Just a quick warning about the extenders though - the ones on Monoprice are 1.1 compliant only and will not carry high speed USB. I've tried numerous low cost extenders, and they are fine for minor tasks requiring only 1.1 speed; but for a high-speed 2.0+ extension, you will need a high-speed balun such as those manufactured by Gefen or Icron (easily $300+ and also may or may not work optimally). If you're already running cable, I don't think it would hurt to have a USB repeater cable behind the wall "just in case." 

I agree that the ideal scenario is to put the console by the TV and run AV back to a receiver - just doesn't work in my case since it's mounted over a fireplace.


----------



## CoconutPete (Jan 22, 2010)

Am I the only fan of optical audio on here?

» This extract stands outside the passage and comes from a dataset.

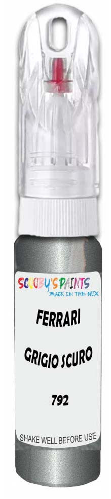 Professionally mixed touch-up paint matched to Ferrari factory colour 792 – Grigio Scuro for model years 2008–2023. Ideal for repairing stone chips, light scratches and minor blemishes while helping to prevent corrosion.
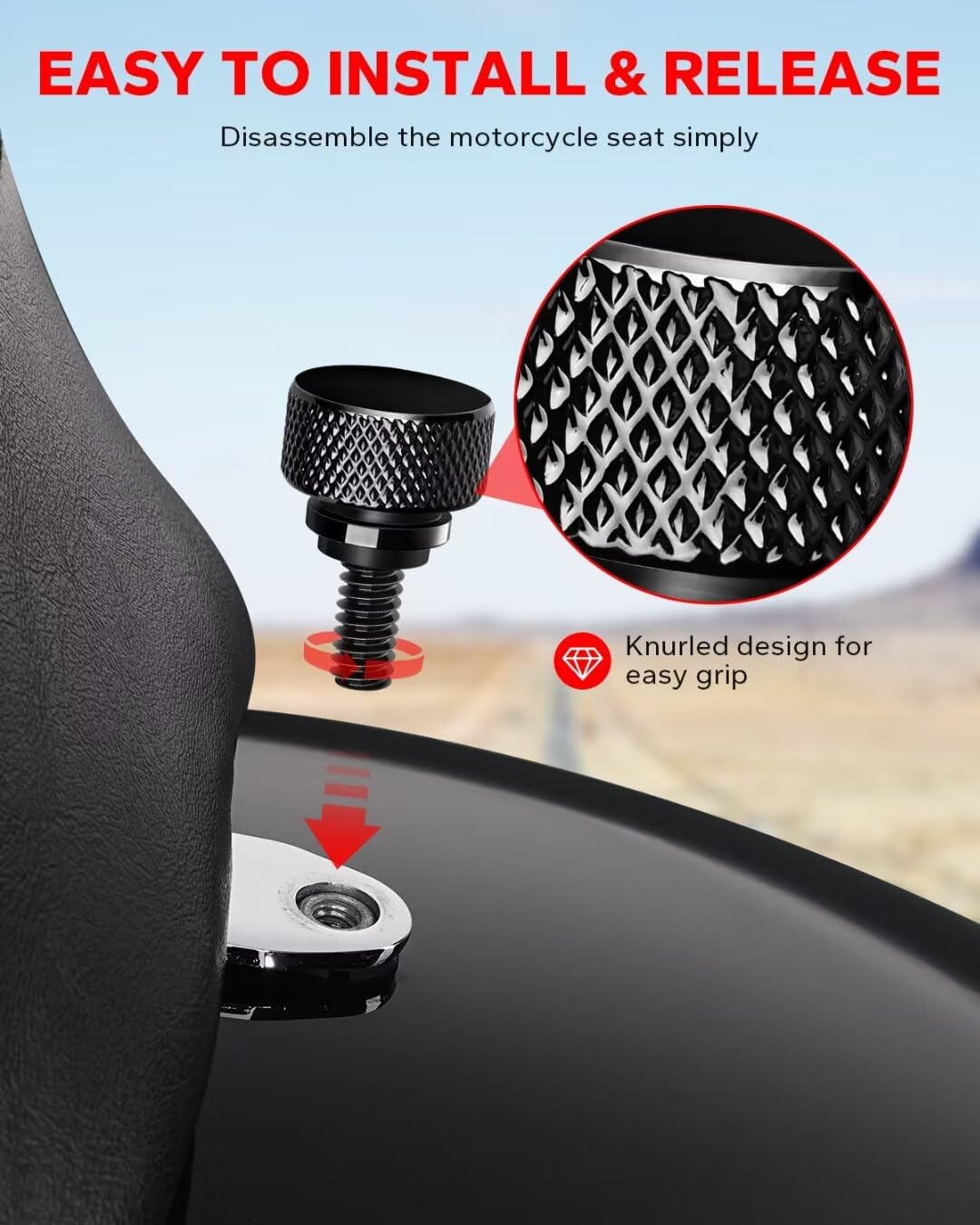 - Stylish Glossy Black FinishThe seat bolts features a diamond-like knurled design, adding a touch of exquisite to your motorcycle. With its sleek glossy black finish, perfectly matches with your motorcycle luster.

I run HDMI from the cable box to the TV to provide the picture, but optical audio from the cable box straight to the amp. Any newer cable box should have optical out.


----------



## wkearney99 (Apr 8, 2009)

CoconutPete said:


> Am I the only fan of optical audio on here?
> 
> I run HDMI from the cable box to the TV to provide the picture, but optical audio from the cable box straight to the amp. Any newer cable box should have optical out.


Sure, that's a good choice too. Provided your TV or local source devices properly handle it. I had used it when I had a Tivo local to the TV. The video went to the TV via HDMI, but it also sent component video and optical audio back to the receiver. This way I could watch using the local speakers or the whole 5.1 setup. Later at night it was usually less noisy to just use the built-in speakers rather that rattle the whole house with the 5.1 setup.


----------



## CoconutPete (Jan 22, 2010)

wkearney99 said:


> Sure, that's a good choice too. Provided your TV or local source devices properly handle it. I had used it when I had a Tivo local to the TV. The video went to the TV via HDMI, but it also sent component video and optical audio back to the receiver. This way I could watch using the local speakers or the whole 5.1 setup. Later at night it was usually less noisy to just use the built-in speakers rather that rattle the whole house with the 5.1 setup.


Works this way w/ the optical audio too. I just mute the TV and fire up the receiver if I want more oomph.


----------